The quality of these four presentations was outstanding -- among the very best at the conference. Furthermore, the UMass entourage (which also included Tim Beechey, Kathryn Flack, John McCarthy, Joe Pater, and Ellen Woolford) dominated the question period after every talk. A prominent phonologist with a name evocative of royalty and a tendency to understatement was heard to remark that "You've got a pretty good group of students there."


STUDENT WORK

Masako Hirotani is giving an invited lecture in the Department of Linguistics at the University of Ottawa this Friday, May 7. The title of her talk is 'Prosody and Processing Scope: Japanese Wh-questions'.

* * * * *

Minjoo Kim is giving an invited lecture at CUNY on May 11. The talk starts at 6:30 pm and finishes at around 8:00 pm. It is part of the CUNY Syntax Supper Series.

Minjoo is advised to eat fast, lest she end up like David Dowty, who is said to have delivered an entire syntax supper talk at Stanford while holding a greasy piece of pizza in his right hand.

The title of Minjoo's talk is 'Internally-Headed Relatives in Korean: A View from the Syntax-Semantics Interface'.


FULBRIGHT FOR BARBARA PARTEE

Barbara Partee has won a Fulbright Senior Scholar Lecturing Award. The award is for six months of teaching in Moscow (January to June 2005). She will teach one course at Moscow State University and one course at the Russian State Humanities University, both in formal semantics: one introductory, and one advanced (recent work in English and Russian on selected topics in the semantics of English, Russian, and other languages, with student projects).

Barbara writes:

I wouldn't mind if you passed on the information that my application for an IREX grant for the same period was turned down in March, for the third year in a row. (I like letting the younger generations know that we all have to expect some number of nos for every yes - normally people talk only about their yesses, so the younger generation might get a misleading impression and feel worse than they should about the nos.)
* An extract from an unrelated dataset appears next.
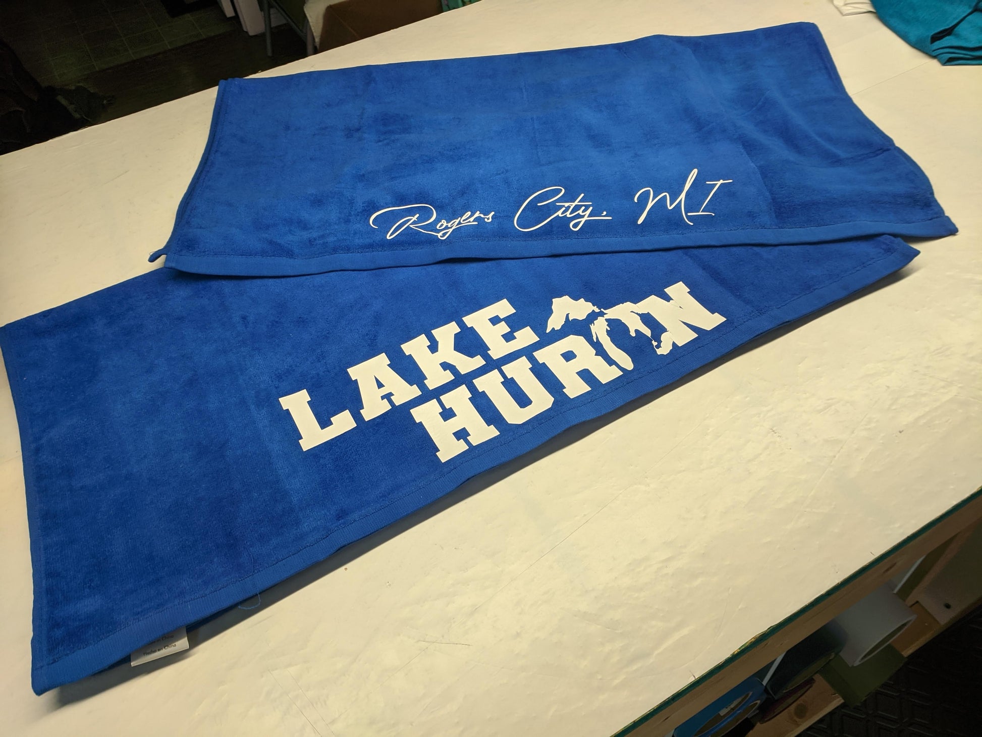 Royal Blue cotton blend beach towel with our Lake Huron design on one end and Rogers City Michigan signature on the other.

CHRIS POTTS'S GUEST LECTURE IN COMPUTER SCIENCE

On Tuesday, May 4, Chris Potts guest lectured in Andrew McCallum's natural language processing class, CMPSCI 585. He spoke about model-theoretic approaches to natural language syntax:

The talk was based in part on unpublished work by Geoffrey K. Pullum and Barbara Scholz. Geoff recently posted a short paper on the topic:

Geoffrey K. Pullum and Barbara Scholz. 2003. Contrasting applications of logic in natural language syntactic description. Invited presentation to the Philosophy of Linguistics section at the 13th International Congress of Logic, Methodology and Philosophy of Science, Oviedo, Spain, August.